Blood tests known as liquid biopsies can help doctors determine whether an immunotherapy regimen should be continued or de-escalated. If ctDNA levels are undetectable, that means the therapy is working, and treatment can be escalated. If ctDNA levels are still present, or if the patient is experiencing other side effects of immunotherapy, the therapy can be stopped.

The findings from the serial liquid biopsy analyses, led by study senior author Dr. Valsamo Anagnostou, MD, PhD, associate professor of oncology, Johns Hopkins School of Medicine, suggest that tests to determine ctDNA status and residual disease shortly after immunotherapy induction can be an important indicator for treatment escalation or de-escalation, ultimately maximizing therapeutic benefit.

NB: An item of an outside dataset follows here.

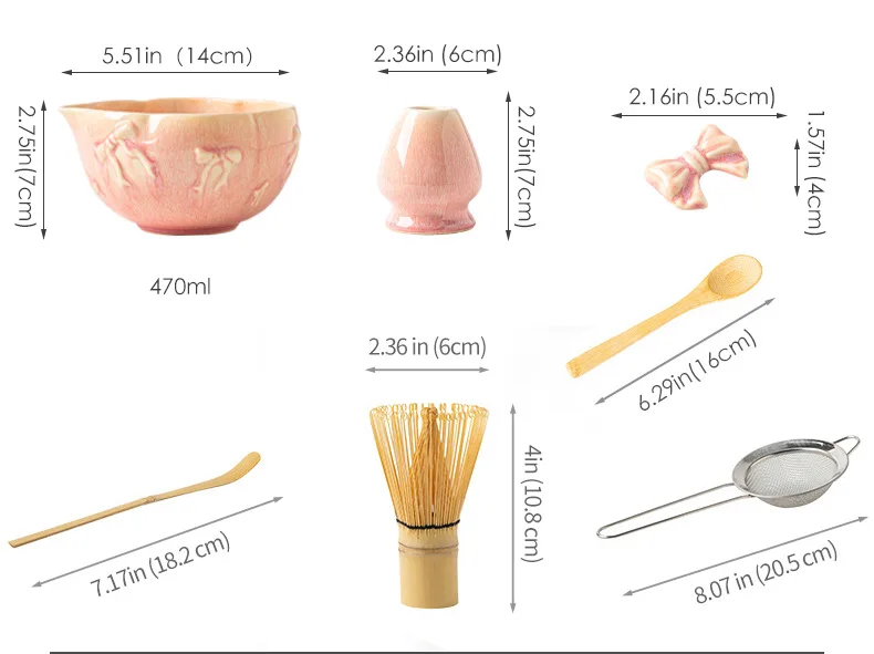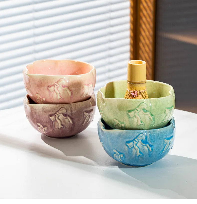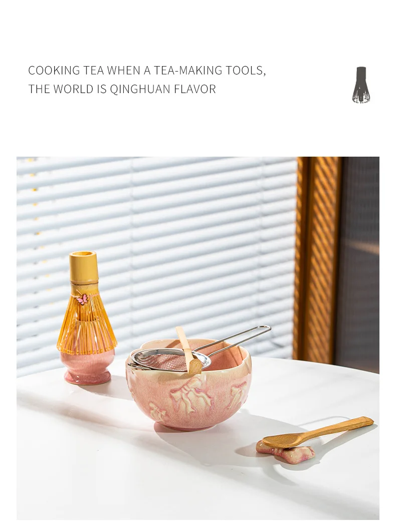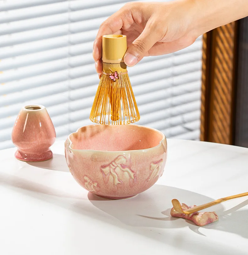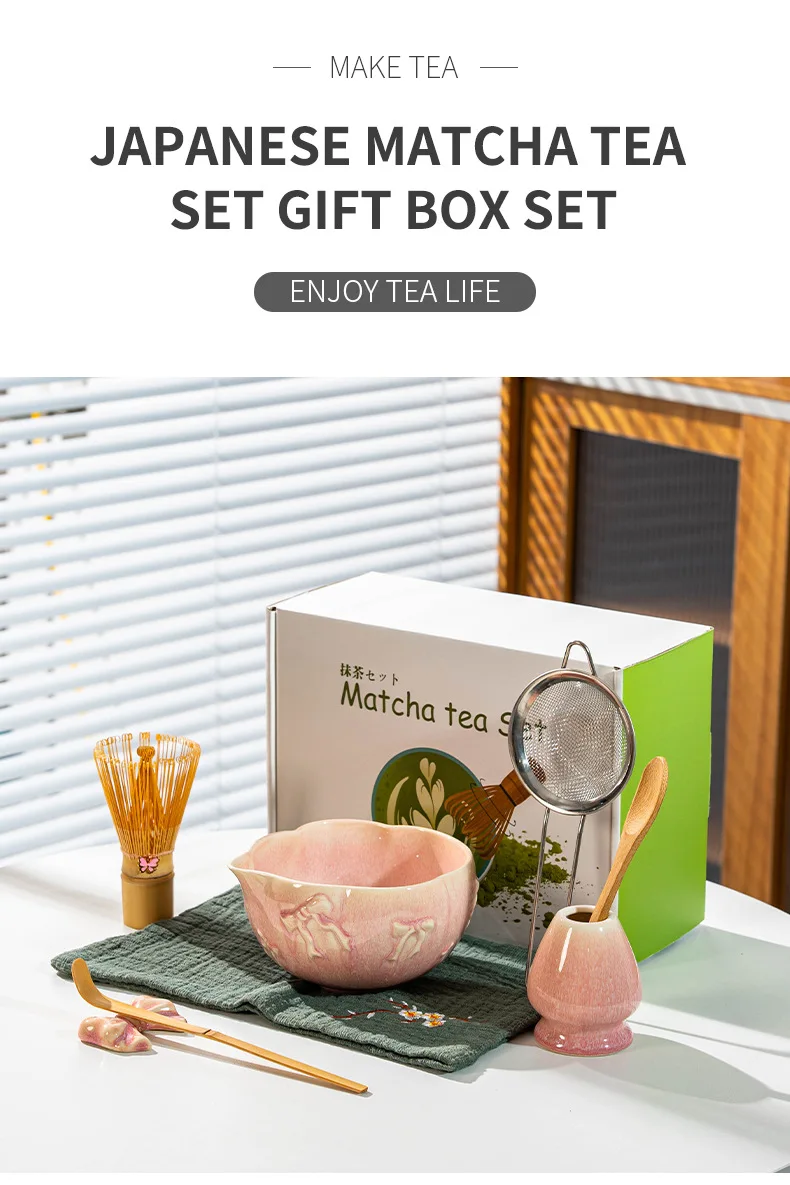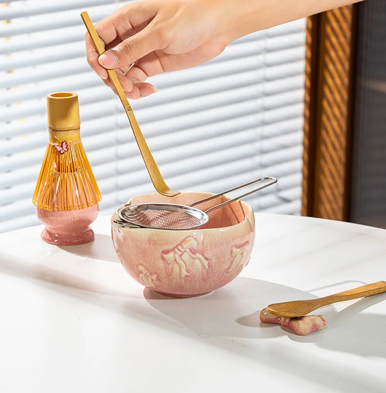 Porcelain Heart-Shaped Matcha Bowl with Spout, Japanese Matcha Set 7-Piece, Bow-Tie Chasen Gift Box

“This supports the use of liquid biopsies for patient stratification early on in treatment, and can be generalized across cancer management plans,” said Dr. Zaidi.

In addition to Dr. Zaidi, other AHN co-authors of the study included Blair Jobe, MD, chair of the AHN Esophageal Institute; Benny Weksler, MD, system director of Thoracic Surgery at AHN; Ali I. Amjad, MD, medical oncologist at AHN.

Researchers from AHN, Johns Hopkins Medicine, the Johns Hopkins School of Medicine, Baylor Scott & White, and the Sidney Kimmel Comprehensive Cancer Center were the paper’s leader authors.

Bristol Myers Squibb, which manufactures nivolumab and relatlimab, sponsored the trial, which was independently initiated and jointly developed by AHN, Baylor Scott & White, and Johns Hopkins.